* WORK ORDER:
Go to the line below containing "INGREDIENTS: Organic Unbleached" and print exactly from there through the line containing "Yevgen Rozbitskiy сделал", both included. Print nothing else.

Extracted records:

=======

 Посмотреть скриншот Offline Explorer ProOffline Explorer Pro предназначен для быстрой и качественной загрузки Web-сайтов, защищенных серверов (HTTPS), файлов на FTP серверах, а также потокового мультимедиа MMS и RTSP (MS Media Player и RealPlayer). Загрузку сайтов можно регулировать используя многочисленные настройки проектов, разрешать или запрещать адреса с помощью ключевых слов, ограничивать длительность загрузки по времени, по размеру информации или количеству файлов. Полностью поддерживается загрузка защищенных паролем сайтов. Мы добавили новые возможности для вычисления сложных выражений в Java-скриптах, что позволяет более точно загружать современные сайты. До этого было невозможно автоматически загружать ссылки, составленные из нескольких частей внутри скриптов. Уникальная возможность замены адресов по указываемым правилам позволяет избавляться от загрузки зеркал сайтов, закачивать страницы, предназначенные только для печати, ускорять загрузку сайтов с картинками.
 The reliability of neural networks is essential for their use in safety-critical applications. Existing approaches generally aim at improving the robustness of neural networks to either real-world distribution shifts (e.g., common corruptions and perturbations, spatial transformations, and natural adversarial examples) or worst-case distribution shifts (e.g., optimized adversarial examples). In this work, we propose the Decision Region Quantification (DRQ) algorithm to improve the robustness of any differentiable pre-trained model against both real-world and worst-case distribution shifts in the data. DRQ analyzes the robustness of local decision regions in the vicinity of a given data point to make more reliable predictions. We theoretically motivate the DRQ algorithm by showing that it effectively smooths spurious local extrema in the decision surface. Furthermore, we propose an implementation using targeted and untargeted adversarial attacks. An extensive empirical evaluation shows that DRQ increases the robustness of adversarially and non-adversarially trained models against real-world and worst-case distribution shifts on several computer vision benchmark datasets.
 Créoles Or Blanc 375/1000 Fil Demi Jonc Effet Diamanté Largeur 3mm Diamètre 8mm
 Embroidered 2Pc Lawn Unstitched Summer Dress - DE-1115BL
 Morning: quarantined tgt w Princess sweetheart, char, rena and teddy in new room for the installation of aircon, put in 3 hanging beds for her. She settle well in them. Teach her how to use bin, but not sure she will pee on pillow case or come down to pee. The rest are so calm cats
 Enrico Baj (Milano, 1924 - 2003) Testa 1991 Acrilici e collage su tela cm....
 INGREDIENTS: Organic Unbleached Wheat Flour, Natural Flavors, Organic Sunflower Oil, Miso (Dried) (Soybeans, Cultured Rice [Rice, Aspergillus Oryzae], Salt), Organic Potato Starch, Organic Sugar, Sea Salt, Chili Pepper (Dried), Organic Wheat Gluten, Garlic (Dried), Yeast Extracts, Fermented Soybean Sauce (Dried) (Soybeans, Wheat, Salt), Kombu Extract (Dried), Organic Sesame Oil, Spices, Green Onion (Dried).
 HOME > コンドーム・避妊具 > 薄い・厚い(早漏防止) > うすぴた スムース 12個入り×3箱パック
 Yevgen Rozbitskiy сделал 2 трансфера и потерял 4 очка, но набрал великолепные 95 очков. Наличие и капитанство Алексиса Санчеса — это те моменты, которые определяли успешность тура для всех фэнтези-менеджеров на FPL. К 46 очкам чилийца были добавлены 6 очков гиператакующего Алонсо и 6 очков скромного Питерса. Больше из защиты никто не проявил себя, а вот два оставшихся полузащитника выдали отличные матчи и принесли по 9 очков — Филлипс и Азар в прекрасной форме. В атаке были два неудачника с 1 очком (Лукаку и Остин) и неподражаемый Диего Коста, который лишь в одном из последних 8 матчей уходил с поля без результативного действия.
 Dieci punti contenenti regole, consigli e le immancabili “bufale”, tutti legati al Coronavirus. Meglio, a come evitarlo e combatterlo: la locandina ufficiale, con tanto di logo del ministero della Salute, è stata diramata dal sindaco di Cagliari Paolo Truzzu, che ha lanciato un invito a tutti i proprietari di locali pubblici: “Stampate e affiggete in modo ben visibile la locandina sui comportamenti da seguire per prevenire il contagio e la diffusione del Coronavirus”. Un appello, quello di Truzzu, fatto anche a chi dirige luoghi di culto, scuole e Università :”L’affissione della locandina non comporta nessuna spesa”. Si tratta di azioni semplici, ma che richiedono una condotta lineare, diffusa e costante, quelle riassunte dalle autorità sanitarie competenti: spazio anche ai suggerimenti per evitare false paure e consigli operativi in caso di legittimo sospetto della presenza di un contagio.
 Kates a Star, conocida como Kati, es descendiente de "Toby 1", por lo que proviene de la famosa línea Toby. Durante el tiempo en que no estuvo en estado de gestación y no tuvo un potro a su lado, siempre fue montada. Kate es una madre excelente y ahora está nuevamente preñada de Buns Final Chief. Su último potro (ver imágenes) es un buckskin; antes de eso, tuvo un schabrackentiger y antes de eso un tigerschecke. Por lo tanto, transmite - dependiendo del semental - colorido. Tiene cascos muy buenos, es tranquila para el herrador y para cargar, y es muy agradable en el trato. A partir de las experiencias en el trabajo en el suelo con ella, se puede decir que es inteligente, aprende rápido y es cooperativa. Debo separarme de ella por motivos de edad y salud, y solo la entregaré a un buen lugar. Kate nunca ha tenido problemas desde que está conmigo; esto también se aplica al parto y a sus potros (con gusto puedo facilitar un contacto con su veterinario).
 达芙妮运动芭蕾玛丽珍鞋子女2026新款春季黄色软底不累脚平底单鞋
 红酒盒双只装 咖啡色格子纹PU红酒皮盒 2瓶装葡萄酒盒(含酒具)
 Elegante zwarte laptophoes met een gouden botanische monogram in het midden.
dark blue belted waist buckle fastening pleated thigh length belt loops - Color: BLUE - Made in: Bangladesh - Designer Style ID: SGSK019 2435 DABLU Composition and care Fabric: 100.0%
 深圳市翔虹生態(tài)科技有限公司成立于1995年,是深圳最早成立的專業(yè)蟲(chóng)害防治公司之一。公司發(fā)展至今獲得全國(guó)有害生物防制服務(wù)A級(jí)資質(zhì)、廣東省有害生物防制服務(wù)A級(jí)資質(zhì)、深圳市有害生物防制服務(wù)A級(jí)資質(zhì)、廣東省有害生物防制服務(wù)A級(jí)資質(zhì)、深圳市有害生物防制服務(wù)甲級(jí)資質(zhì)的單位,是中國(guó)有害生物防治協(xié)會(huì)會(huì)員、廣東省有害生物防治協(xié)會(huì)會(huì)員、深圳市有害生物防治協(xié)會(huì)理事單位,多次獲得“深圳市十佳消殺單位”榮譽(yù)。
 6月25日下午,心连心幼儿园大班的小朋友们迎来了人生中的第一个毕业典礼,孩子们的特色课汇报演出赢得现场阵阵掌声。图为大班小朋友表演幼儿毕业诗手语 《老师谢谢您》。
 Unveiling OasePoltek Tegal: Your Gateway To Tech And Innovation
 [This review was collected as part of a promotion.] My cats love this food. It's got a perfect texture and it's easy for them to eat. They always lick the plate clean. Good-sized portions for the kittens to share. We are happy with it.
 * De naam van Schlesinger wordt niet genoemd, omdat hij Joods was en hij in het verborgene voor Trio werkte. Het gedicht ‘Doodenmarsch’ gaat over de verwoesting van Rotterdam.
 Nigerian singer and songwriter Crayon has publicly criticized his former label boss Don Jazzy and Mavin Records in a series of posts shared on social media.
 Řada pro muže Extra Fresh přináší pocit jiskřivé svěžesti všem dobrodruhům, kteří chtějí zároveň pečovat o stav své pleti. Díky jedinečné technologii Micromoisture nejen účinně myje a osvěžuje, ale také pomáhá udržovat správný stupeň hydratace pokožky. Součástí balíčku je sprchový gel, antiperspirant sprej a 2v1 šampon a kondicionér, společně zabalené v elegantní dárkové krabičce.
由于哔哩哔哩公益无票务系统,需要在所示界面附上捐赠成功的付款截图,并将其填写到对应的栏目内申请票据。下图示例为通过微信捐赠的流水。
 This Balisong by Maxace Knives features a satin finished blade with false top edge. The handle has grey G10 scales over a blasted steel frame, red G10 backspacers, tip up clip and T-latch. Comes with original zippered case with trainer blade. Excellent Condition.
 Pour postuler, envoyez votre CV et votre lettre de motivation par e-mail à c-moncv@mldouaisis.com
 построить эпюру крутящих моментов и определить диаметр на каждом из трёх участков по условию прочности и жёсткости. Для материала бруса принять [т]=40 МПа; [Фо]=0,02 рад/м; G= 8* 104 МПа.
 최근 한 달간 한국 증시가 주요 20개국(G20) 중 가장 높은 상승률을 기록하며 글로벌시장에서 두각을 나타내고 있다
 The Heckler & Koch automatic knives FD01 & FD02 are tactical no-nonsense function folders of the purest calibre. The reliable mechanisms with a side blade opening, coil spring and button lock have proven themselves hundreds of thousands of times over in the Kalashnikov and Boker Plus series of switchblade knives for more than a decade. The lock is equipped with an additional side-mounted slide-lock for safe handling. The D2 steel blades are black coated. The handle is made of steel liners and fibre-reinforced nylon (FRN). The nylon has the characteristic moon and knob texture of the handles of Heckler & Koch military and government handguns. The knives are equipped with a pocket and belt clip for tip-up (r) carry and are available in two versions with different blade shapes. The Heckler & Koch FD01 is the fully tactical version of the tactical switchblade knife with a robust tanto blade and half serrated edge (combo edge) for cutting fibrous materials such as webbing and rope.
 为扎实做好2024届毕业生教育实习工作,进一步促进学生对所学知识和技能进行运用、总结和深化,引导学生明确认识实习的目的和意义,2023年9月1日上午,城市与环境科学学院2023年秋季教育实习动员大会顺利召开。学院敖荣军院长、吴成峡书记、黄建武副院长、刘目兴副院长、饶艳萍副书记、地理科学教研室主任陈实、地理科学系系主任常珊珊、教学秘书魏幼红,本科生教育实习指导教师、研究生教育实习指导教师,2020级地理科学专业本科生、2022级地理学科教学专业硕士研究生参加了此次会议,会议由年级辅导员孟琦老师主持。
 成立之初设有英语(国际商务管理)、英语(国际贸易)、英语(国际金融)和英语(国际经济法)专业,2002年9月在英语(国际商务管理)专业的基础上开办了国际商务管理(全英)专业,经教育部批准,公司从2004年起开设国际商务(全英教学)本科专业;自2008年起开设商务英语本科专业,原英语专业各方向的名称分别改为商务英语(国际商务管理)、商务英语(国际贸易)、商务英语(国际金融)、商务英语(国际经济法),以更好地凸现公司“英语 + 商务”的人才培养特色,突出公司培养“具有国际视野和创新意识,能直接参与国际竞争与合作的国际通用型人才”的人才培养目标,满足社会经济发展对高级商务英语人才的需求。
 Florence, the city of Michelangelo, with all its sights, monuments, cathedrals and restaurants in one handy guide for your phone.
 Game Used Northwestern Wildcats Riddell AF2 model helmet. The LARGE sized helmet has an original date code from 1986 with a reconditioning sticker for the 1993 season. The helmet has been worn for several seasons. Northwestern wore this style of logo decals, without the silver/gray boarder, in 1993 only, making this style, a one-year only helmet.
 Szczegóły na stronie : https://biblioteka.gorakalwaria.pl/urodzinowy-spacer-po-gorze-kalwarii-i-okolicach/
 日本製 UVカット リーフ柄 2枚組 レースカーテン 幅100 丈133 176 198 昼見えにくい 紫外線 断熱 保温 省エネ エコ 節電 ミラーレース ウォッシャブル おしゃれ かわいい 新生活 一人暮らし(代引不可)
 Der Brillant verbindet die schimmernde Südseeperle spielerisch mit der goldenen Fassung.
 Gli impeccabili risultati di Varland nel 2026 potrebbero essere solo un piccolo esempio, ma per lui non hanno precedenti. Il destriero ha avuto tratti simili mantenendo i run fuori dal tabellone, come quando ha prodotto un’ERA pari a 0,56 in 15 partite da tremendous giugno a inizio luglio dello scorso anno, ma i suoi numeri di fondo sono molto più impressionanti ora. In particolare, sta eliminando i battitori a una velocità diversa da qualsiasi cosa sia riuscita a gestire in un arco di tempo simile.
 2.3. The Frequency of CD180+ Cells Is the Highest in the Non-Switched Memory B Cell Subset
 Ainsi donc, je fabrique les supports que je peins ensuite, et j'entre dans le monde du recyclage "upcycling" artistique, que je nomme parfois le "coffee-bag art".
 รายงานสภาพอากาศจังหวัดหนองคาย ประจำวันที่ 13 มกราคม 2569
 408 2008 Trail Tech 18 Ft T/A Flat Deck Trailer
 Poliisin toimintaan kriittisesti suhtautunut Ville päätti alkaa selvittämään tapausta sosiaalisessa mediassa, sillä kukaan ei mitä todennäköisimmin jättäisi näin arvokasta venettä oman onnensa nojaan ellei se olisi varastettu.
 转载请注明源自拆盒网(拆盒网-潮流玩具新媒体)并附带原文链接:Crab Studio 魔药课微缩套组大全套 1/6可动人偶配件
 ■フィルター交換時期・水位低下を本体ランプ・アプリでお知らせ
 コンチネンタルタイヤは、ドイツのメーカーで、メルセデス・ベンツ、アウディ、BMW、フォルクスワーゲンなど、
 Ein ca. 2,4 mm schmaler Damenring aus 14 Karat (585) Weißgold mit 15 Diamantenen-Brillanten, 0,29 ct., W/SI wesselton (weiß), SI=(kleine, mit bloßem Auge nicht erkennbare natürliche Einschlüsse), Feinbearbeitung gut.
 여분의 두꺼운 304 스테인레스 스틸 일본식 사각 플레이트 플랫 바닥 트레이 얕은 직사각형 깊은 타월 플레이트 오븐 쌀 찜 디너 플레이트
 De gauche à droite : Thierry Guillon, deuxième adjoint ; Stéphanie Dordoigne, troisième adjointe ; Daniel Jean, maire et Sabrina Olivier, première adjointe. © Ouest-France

=======

* WRITTEN REPLY:
 INGREDIENTS: Organic Unbleached Wheat Flour, Natural Flavors, Organic Sunflower Oil, Miso (Dried) (Soybeans, Cultured Rice [Rice, Aspergillus Oryzae], Salt), Organic Potato Starch, Organic Sugar, Sea Salt, Chili Pepper (Dried), Organic Wheat Gluten, Garlic (Dried), Yeast Extracts, Fermented Soybean Sauce (Dried) (Soybeans, Wheat, Salt), Kombu Extract (Dried), Organic Sesame Oil, Spices, Green Onion (Dried).
 HOME > コンドーム・避妊具 > 薄い・厚い(早漏防止) > うすぴた スムース 12個入り×3箱パック
 Yevgen Rozbitskiy сделал 2 трансфера и потерял 4 очка, но набрал великолепные 95 очков. Наличие и капитанство Алексиса Санчеса — это те моменты, которые определяли успешность тура для всех фэнтези-менеджеров на FPL. К 46 очкам чилийца были добавлены 6 очков гиператакующего Алонсо и 6 очков скромного Питерса. Больше из защиты никто не проявил себя, а вот два оставшихся полузащитника выдали отличные матчи и принесли по 9 очков — Филлипс и Азар в прекрасной форме. В атаке были два неудачника с 1 очком (Лукаку и Остин) и неподражаемый Диего Коста, который лишь в одном из последних 8 матчей уходил с поля без результативного действия.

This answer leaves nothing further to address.